Well, if you can't make them behave, knock them out entirely. Another rumored drug that was secretly given to enlisted or incarcerated men was potassium bromide. (Yes, pretty much that stuff.) Unlike saltpeter, potassium bromide would work to reduce anyone's sex drive. Also anyone's social drive. Really, any drive at all gets eliminated with potassium bromide. It was a sedative in the late 1800s, and it made people sleepy for days. It also, if consumed in quantity, caused copious diarrhea and vomiting. Since few armies are served well by drugged, chronically-ill patients, it's doubtful that any bromide found its way into their ranks.

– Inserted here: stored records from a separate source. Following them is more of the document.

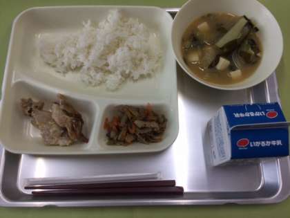 今日の給食は、鶏肉のしょうゆマヨネーズ焼き みそ汁 きんぴらごぼう ご飯 牛乳 の献立でした。
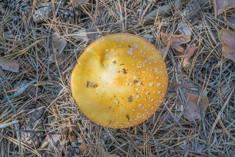 Гриб желтый мухомор крупным планом в сосновом лесу
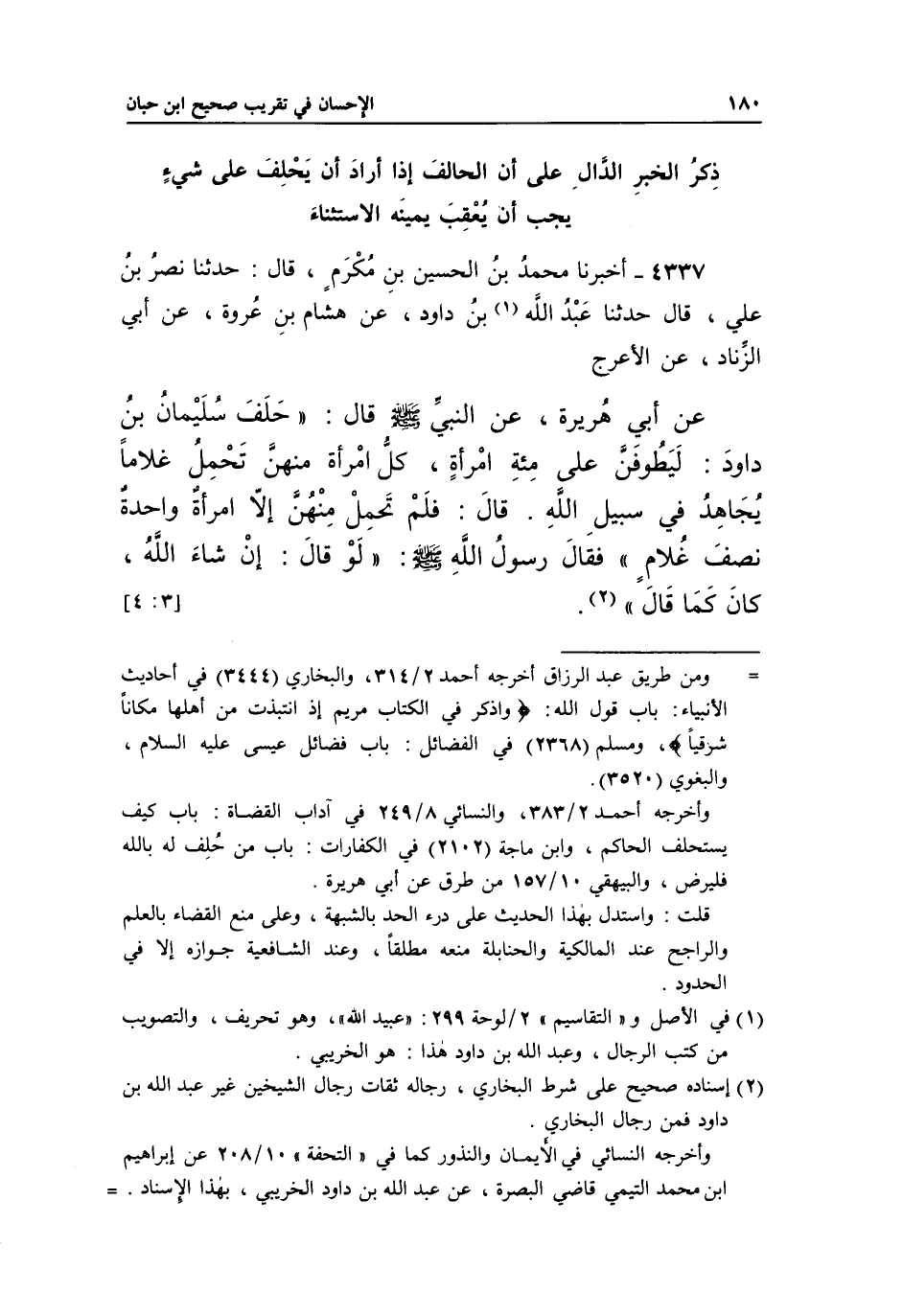 4337 - أَخْبَرَنَا مُحَمَّدُ بْنُ الْحُسَيْنِ بْنِ مُكْرَمٍ، قَالَ: حَدَّثَنَا نَصْرُ بْنُ عَلِيٍّ، قَالَ: حَدَّثَنَا عَبْدُ اللَّهِ1 بْنُ دَاوُدَ، عَنْ هِشَامُ بْنُ عُرْوَةَ، عَنْ أَبِي الزِّنَادِ، عَنِ الْأَعْرَجِ عَنْ أَبِي هُرَيْرَةَ، عَنِ النَّبِيِّ صَلَّى اللَّهُ عَلَيْهِ وَسَلَّمَ قَالَ: "حَلَفَ سُلَيْمَانُ بْنُ دَاوُدَ: لَيَطُوفَنَّ عَلَى مِائَةِ امْرَأَةٍ، كُلُّ امْرَأَةٍ مِنْهُنَّ تَحْمِلُ غُلَامًا يُجَاهِدُ فِي سَبِيلِ اللَّهِ. قَالَ: فَلَمْ تَحْمِلْ مِنْهُنَّ إِلَّا امْرَأَةٌ وَاحِدَةٌ نِصْفَ غُلَامٍ" فَقَالَ رَسُولُ اللَّهِ صَلَّى اللَّهُ عَلَيْهِ وَسَلَّمَ: "لَوْ قَالَ: إِنْ شَاءَ اللَّهُ، كان كما قال" 2.
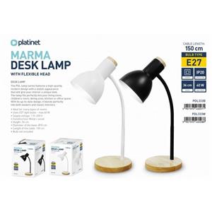 Elegantní stolní lampa s kovovým tělem a dřevěnou základnou, flexibilní hlavou a možností použití žárovky dle vlastního výběru.

As we've seen, most anaphrodisiacs throughout history simply didn't work. But recently, anti-aphrodisiacs have started being tested in a systematic way — and there are a few things that actually do work.
The most controversial one is chemical castration. The most common kind of chemical castration is the kind that cuts off the testosterone supply. Like saltpeter, it has other medical uses. Hormonal birth control, drugs meant to fight breast cancer and prostate cancer all mess with people's hormones, thus indirectly decreasing sex drive. They generally do this using a drug called a GnRH agonist, which stimulates the pituitary gland until it simply stops encouraging hormone production. There is good evidence that these drugs lower sexual drive, and at least so far, they are almost exclusively used on sex offenders. One study done on released sex offenders showed the recidivism rate cut from forty percent to five percent. Some say, though, that's it's an extreme solution that works in the short term at best before increasing hormonal rushes when people go off the twice-monthly drugs.
And then there are the substances that affect your sexuality indirectly. Alcohol and cigarettes take out your blood circulation, indirectly killing sex drive. High-fat diets do the same. Many recreational drugs make people either too wired or too lethargic - and that's to those who aren't physically addicted. According to physiology, everybody — especially rock stars — has been wolfing down down the anaphrodisiacs for thousands of years. You can judge whether or not that seems right.
But what of the good old-fashioned days when diet could control sexual appetite? Is there truly nothing there? After a lot of testing, research showed there is: Licorice. Yes, that stuff that they sell at the store in glossy black spirals comes from the licorice root, Glycyrrhiza glabra, and it lowers testosterone. It is potent enough that eating about twenty-five grams has a strong effect. So if you're planning to end a date fast or have an early night, keep some licorice on hand. If you're eating licorice now . . . maybe weigh carefully just how much you like the taste.